# WHAT YOU SHOULD DO:
Give every entry below again, exactly as written, and skip the images.

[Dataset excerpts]
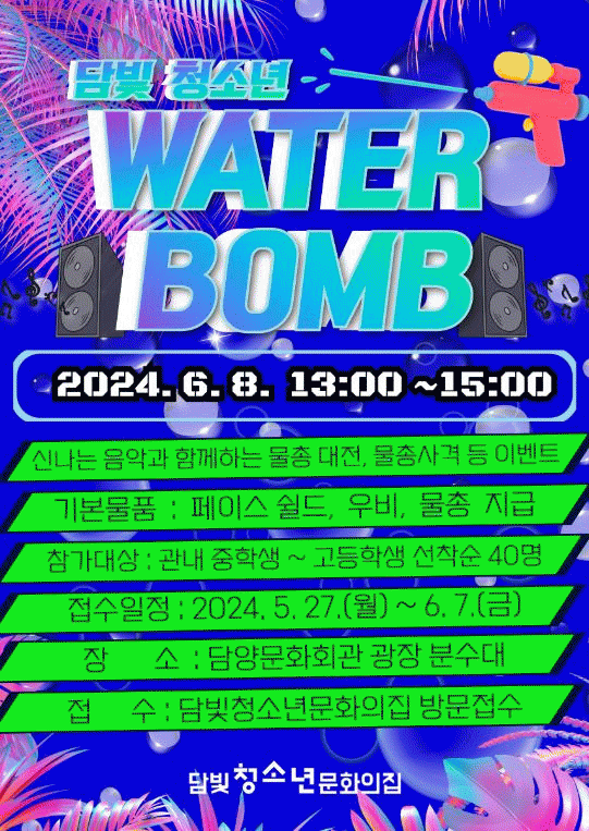 관계자는 “무더운 여름 워터밤에서 청소년들이 시원하게 스트레스를 해소했으면 한다”라며 “물을 이용한 프로그램인 만큼 안전에 유의해 진행될 수 있도록 지원하겠다”라고 전했다.
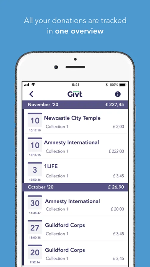 Givt offers a secure and easy way to donate to charity and church by using your mobile phone. How easy? Simply open the app, select an amount and scan a QR-code, move your phone towards a collecting box or bag or select your goal from the list and that’s it. Clear, easy, and safe. Givt ensures that your donation will arrive at the charity fund, church or street musician. Yes, you can use Givt in every situation you would normally give cash instead.
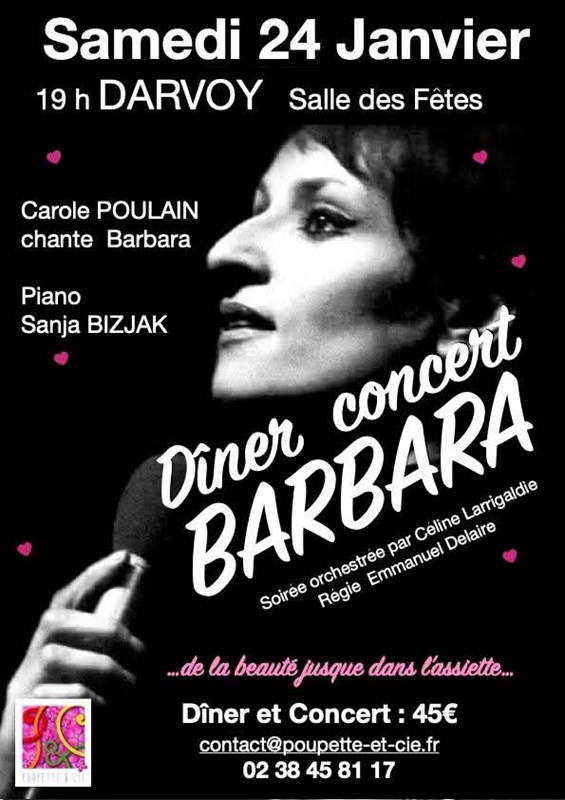 De la beauté jusque dans l'assiette... Une soirée "Poupette et Cie" orchestrée par Céline Larrigaldie. Régie : Emmanuel Delaire. Carole Poulain chante Barbara. Piano : Sanja Bizjak.
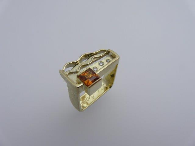 Und so entschieden wir uns hier – passend zum quadratischen Schmuckstein – aus dem ehemals runden Ring eine ebenfalls quadratische Ringschiene zu formen. Der außergewöhnliche Ringkopf erhielt eine assymetrische Form, was dem Quadratischen auflockernd entgegegenwirkt. Drei Wellenlinien symbolisieren das Wasser – oder anders gesagt – den Fluss des Lebens. Der Citrin gibt dem Ring seine Ausdrucksstärke, drei kleine Brillanten sorgen für Eleganz. Aus Harmoniegründen haben wir sie nicht streng in einer Reihe gefasst, sondern sie leicht gebogen der Wellenlinien angepasst.
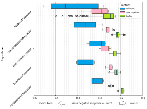 Les résultats révèlent que la précision et la stabilité des prédictions s’améliorent progressivement selon les métriques utilisées : d’abord avec la taille seule, puis avec la complexité cognitive, et enfin avec l’ensemble complet des métriques.

# OUTPUT OF THE EXERCISE:
 관계자는 “무더운 여름 워터밤에서 청소년들이 시원하게 스트레스를 해소했으면 한다”라며 “물을 이용한 프로그램인 만큼 안전에 유의해 진행될 수 있도록 지원하겠다”라고 전했다.
 Givt offers a secure and easy way to donate to charity and church by using your mobile phone. How easy? Simply open the app, select an amount and scan a QR-code, move your phone towards a collecting box or bag or select your goal from the list and that’s it. Clear, easy, and safe. Givt ensures that your donation will arrive at the charity fund, church or street musician. Yes, you can use Givt in every situation you would normally give cash instead.
 De la beauté jusque dans l'assiette... Une soirée "Poupette et Cie" orchestrée par Céline Larrigaldie. Régie : Emmanuel Delaire. Carole Poulain chante Barbara. Piano : Sanja Bizjak.
 Und so entschieden wir uns hier – passend zum quadratischen Schmuckstein – aus dem ehemals runden Ring eine ebenfalls quadratische Ringschiene zu formen. Der außergewöhnliche Ringkopf erhielt eine assymetrische Form, was dem Quadratischen auflockernd entgegegenwirkt. Drei Wellenlinien symbolisieren das Wasser – oder anders gesagt – den Fluss des Lebens. Der Citrin gibt dem Ring seine Ausdrucksstärke, drei kleine Brillanten sorgen für Eleganz. Aus Harmoniegründen haben wir sie nicht streng in einer Reihe gefasst, sondern sie leicht gebogen der Wellenlinien angepasst.
 Les résultats révèlent que la précision et la stabilité des prédictions s’améliorent progressivement selon les métriques utilisées : d’abord avec la taille seule, puis avec la complexité cognitive, et enfin avec l’ensemble complet des métriques.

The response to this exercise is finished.